Open fractures of the lower extremity are severe orthopaedic injuries with increased risks for infection and nonunion. A multitude of factors such as severity of injury and host factors influence the incidence of infection.[1,2] Due to extensive soft tissue trauma and degree of contamination, bacteria can penetrate the damaged skin barrier and adhere to nonviable tissue or fixation devices. Subsequently, biofilm formation makes these infections very difficult to treat. These infections in the setting of open fractures have an increased socioeconomic cost burden for all involved. Therefore, the utilization of antibiotics in this clinical setting is now widely recommended to combat the risks of fracture-related infections. This review aims to delineate the evidence for various aspects of this antibiotic utilization in the setting of open fractures.
2 Time to surgical debridement
Historically, it was widely accepted that emergent debridement of open fractures was essential for improving outcomes. The 6-hour rule had been frequently utilized as it was believed to reduce infection and nonunion rates. Despite questionable initial evidence, the rule recommended that open fractures be operatively debrided within 6 hours from the time of the injury.
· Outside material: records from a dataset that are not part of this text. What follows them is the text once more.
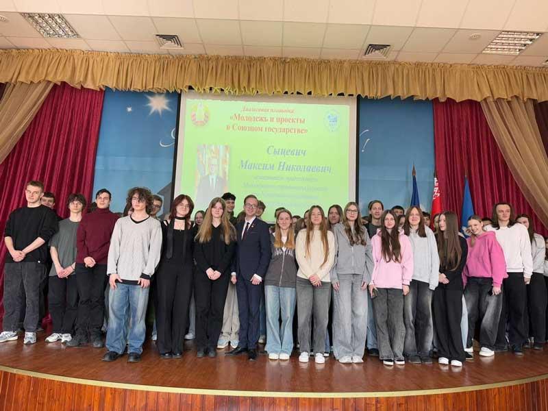 Состоялась встреча с учащейся молодёжью Минского колледжа предпринимательства и Молодежным советом при Совете Республики Национального собрания Республики Беларусь.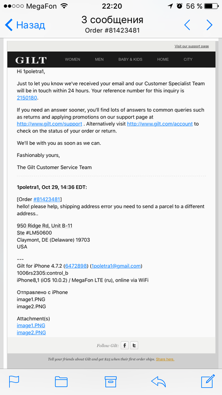 Сделайте перевод текста / задание за меняЗаказала с американского сайта не на тот адрес. (((( написала им чтоб перенаправили ...... а ответ прчесть не могу толком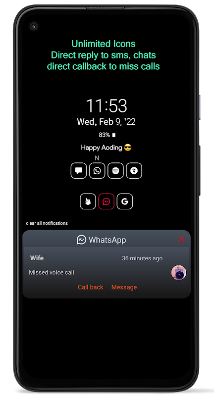 Reply to all chats like sms. watsapp, facebook right from the always on display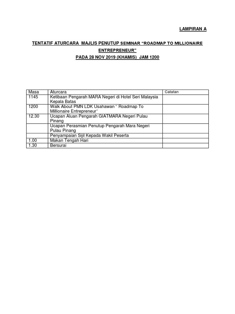 Tentative Aturcara Majlis Penutup Seminar Docx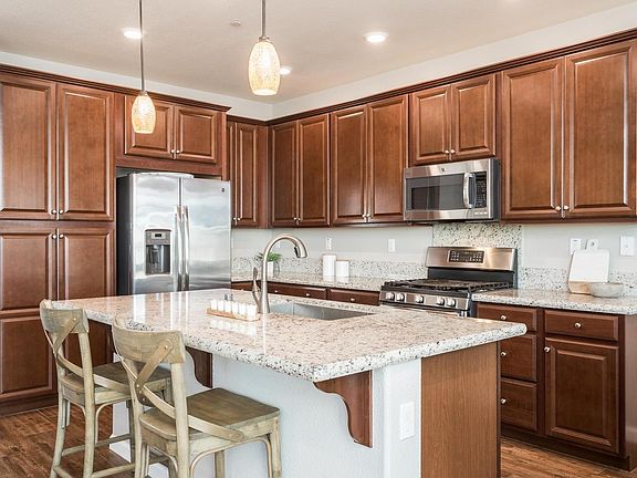 Beautiful, single story home with a functional open concept floor plan. The kitchen features gorgeous granite countertops set off beautifully by dark wood cabinets. Updated wood plank tile flooring throughout the entire main living areas. Newly painted interior. Private master suite overlooking your own backyard oasis! Enjoy more than 1500 sq ft of outdoor living with this completely landscaped backyard featuring a fully equipped, custom L-shaped outdoor kitchen, highlighted by a Blaze 5 burner Professional grill and outdoor refrigerator. Artisan craftsmanship is evidenced in the hand laid stone, custom oversized concrete countertop and under counter lighting. All framed by a substantial 20'x20' Gabled Insulated patio cover, complete with lighted ceiling fan and post lights. Enjoy a cozy evening with friends and family around the fire at the custom circular seating area which seats 8-10. Highly energy efficient home including owned solar. Welcome home
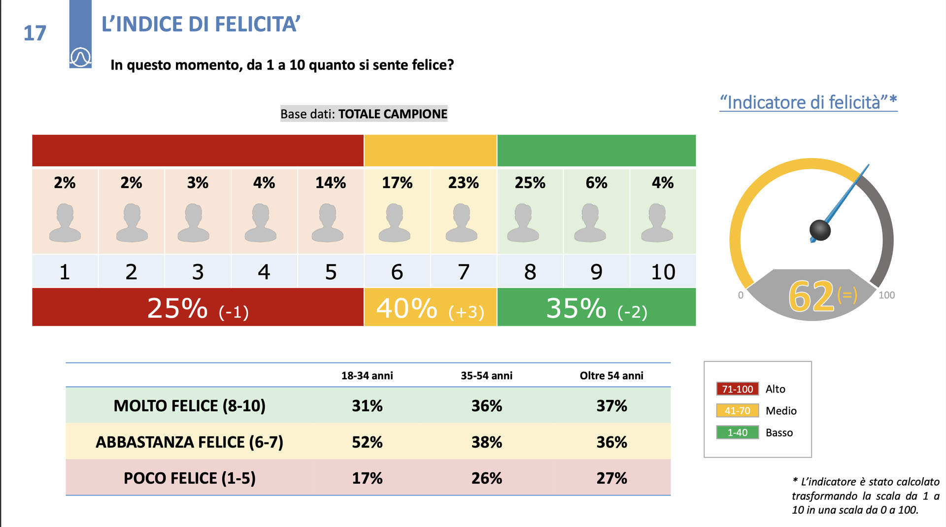 A livello complessivo, il punteggio medio dell’indice di felicità è di 62 su 100. Tuttavia, si osservano segnali di fragilità crescente, in particolare fra i più giovani (18-34 anni), tra i quali solo il 31% si dichiara “molto felice”, contro il 37% degli over 54.

Pollak et al evaluated 315 patients with lower extremity open fractures to assess the relationship between time to surgical debridement and incidence of infection. They found that time from injury to initial operative debridement was not associated with infection risk. Meanwhile, time from injury to admission at trauma center was found to be an independent predictor of the likelihood of infection. This finding likely demonstrates the importance of early antibiotic coverage rather than time to surgical debridement.
A systematic review subsequently assessed the 6-hour rule in relation to infection and nonunion rates. Three hundred sixty-five patients across 3 studies were included in this study. It was determined that judicious delays greater than 6 hours to operative debridement do not result in a statistically significant difference in infection, nonunion, and perioperative morbidity rates.
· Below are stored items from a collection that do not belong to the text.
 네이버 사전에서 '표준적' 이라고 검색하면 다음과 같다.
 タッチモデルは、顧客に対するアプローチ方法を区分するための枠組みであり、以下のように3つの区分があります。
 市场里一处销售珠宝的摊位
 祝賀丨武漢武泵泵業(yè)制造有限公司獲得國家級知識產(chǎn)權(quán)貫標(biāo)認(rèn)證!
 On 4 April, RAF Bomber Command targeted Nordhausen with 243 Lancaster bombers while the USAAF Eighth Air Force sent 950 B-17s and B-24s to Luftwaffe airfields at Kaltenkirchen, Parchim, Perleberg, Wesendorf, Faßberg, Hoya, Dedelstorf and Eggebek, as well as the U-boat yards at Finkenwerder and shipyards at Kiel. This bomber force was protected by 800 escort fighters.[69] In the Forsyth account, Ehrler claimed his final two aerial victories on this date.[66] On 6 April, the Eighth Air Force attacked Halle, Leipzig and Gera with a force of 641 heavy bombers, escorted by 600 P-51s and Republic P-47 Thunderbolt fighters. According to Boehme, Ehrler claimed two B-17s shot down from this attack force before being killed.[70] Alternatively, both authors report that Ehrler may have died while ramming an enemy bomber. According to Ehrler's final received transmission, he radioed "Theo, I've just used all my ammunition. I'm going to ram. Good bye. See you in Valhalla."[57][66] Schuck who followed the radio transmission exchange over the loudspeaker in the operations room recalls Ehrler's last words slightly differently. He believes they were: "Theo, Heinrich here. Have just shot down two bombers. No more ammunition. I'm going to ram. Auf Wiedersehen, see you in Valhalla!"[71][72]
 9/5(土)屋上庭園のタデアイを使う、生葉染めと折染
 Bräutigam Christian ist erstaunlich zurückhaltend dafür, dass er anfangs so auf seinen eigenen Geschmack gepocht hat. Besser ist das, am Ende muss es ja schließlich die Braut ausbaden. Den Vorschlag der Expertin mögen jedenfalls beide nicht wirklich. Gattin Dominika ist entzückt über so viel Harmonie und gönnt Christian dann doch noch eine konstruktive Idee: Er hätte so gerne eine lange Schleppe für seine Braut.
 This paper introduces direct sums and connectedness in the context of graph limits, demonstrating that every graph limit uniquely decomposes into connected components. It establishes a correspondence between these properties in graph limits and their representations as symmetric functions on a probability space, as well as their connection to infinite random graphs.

Hendrickson et al further expanded the time interval to 12 hours in their multicenter retrospective review of Gustilo-Anderson Grade 3B open tibia fractures. The overall deep infection rate within the 116 fractures included was only 5.2%. They identified no significant difference in incidence of infection whether initial debridement occurred prior to or after 12 hours post-time of injury. Weber et al completed a prospective cohort study of 736 patients with open fractures and found that infection was actually associated with increasing Gustilo grade or tibia/fibula fractures (as opposed to upper limb) and not time to surgery or antibiotics. However, the majority of patients did receive antibiotics within 3 hours of injury and therefore, this finding may not be surprising. Furthermore, the same prospective cohort was analyzed to assess for factors associated with the development of nonunion or delayed healing. Deep infection (OR = 12.75; 95% CI 6.07– 26.8), smoking (OR = 1.73; 95% CI 1.09–2.76), and Gustilo 3A fractures (OR = 2.49; 95% CI 1.30–4.78) were strongly associated with nonunion.
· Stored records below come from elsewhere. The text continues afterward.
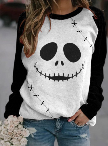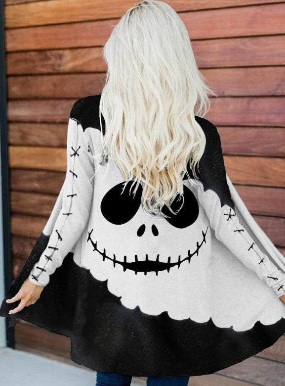 Damenbekleidung Halloween-Strickjacke mit lustigem Ausdrucksdruck, langärmeliges Jackenoberteil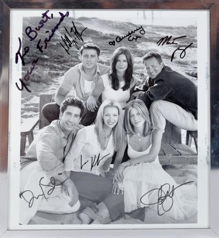 Let’s start with the young guns and nobodies who thank him for being in their presence. I wonder if someone got the ENTIRE CAST OF FRIENDS to sit down and sign their autographs or if they were too big for B-man and some PA wrote “To Burt Reynolds” on a photo that was passed between their dressing rooms?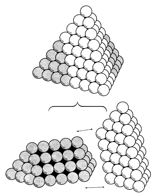 The South Seas islander piling his coconuts, the fruit dealer selling oranges, and the cannoneer stacking equiradius cannonballs, or the much earlier round-rock- slinging soldiers were probably the first to learn about the closest packing of spheres. The stacking of balls in symmetrical rows and layers leads inevitably to a stable pyramidal aggregate.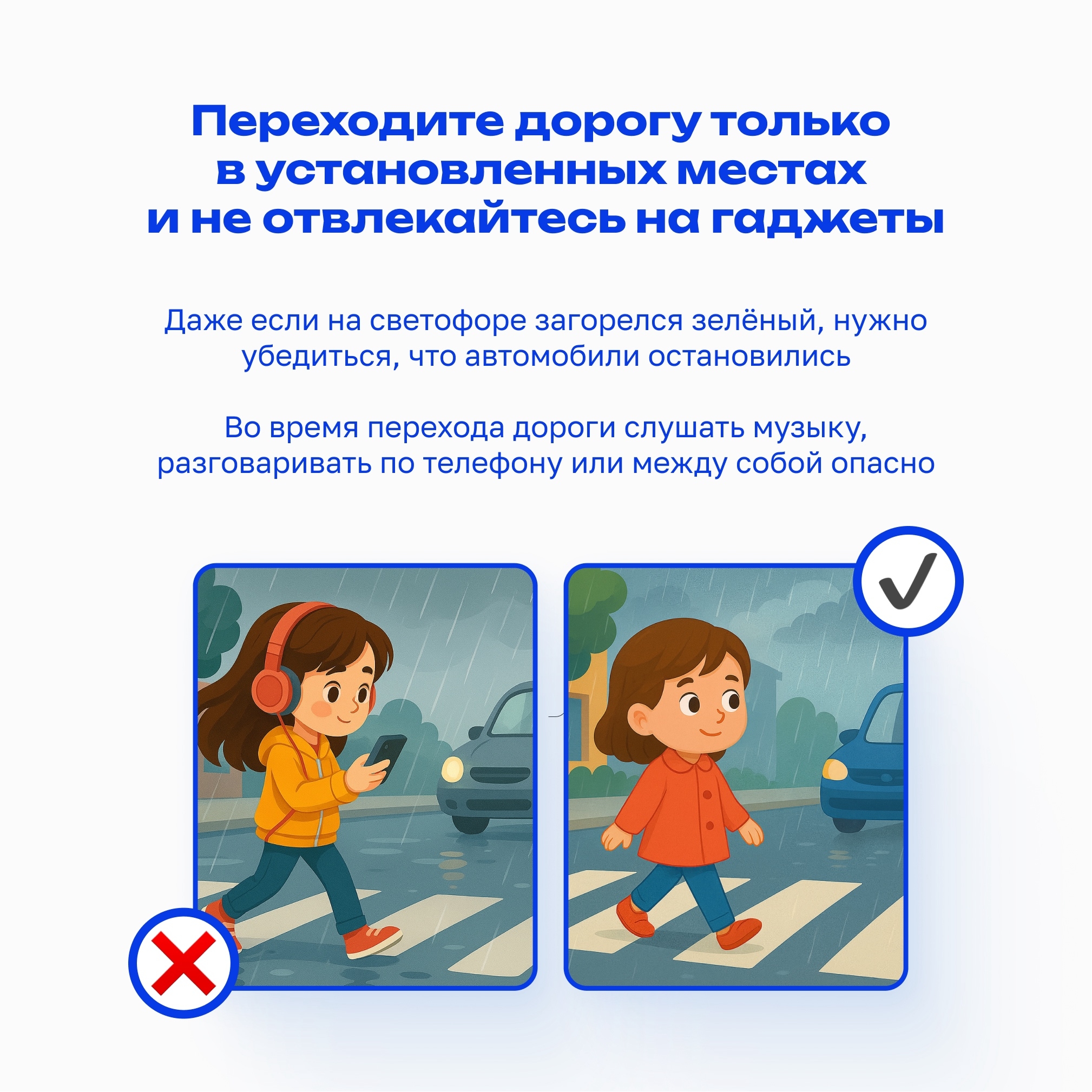 Помним о безопасности на дороге! В осенние дни, когда на улице часто идёт дождь, очень важно быть внимательными к погодным условиям. Лужи могут скрывать неровности и препятствия, а низкая температура привести к образованию гололёда. Всё это создаёт определённые риски как для пешеходов, так и для водителей. Берегите себя и помните важные правила!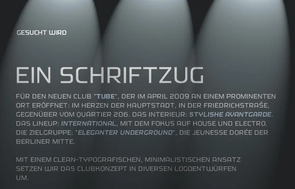 Typografisches Logokonzept für TUBE, einem House/Electro-Club in Berlin.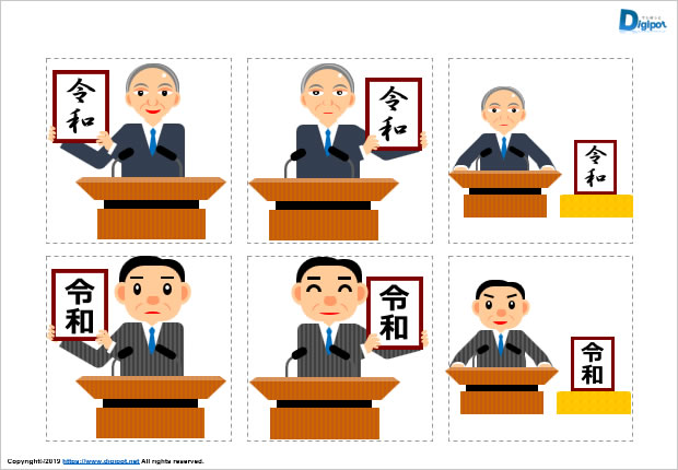 令和の額を持つ人、新年号発表のイラスト、令和の記者会見の様子のイラスト、フチ有りフチ無しなど12パターン。
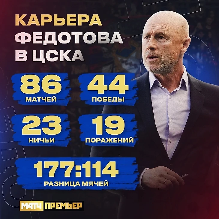 Федотов возглавлял ЦСКА с лета 2022 года. Под руководством 57-летнего специалиста армейцы провели 86 матчей, одержали 44 победы, 23 раза сыграли вничью и потерпели 19 поражений. В сезоне-2022/23 ЦСКА занял второе место в РПЛ и стал обладателем Кубка России.

Interestingly, in a retrospective study assessing 459 consecutive open fractures, Hull et al found that among Grade II and III open fractures, there was a statistically significant increase in the rate of deep infection for each hour of delay. The relationship demonstrated an increase in infection rate of 3% per hour of delay. Meanwhile, the Grade I open fractures in their study did not develop deep infections. Deep infection was also associated with other factors such as the presence of a tibial fracture (OR = 2.44: 95% CI 1.26–4.73) and contamination of the fracture (OR = 3.12: 95% CI 1.36–7.36). This study suggested that delay in initial debridement may be safe for Grade I open fractures. Meanwhile, in high-grade open fractures early debridement may be beneficial especially in the setting of poor prognostic factors such as tibial site and presence of contamination.
Finally, the British Association for Plastic Surgeons and Reconstructive and Aesthetic Surgeons along with the British Orthopaedic Association created their current standards for the management of open fractures. They only recommend immediate surgical exploration of open fractures in the presence of: gross contamination, compartment syndrome, a dysvascular limb, and a multiply injured patient. In the absence of these findings, their standards recommend surgical debridement to be completed within normal working hours and within 24 hours of the injury unless the wound involves agricultural, marine, or sewage contamination. In essence, their standards refute the previously recommended debridement of all open fractures within 6 hours of the injury.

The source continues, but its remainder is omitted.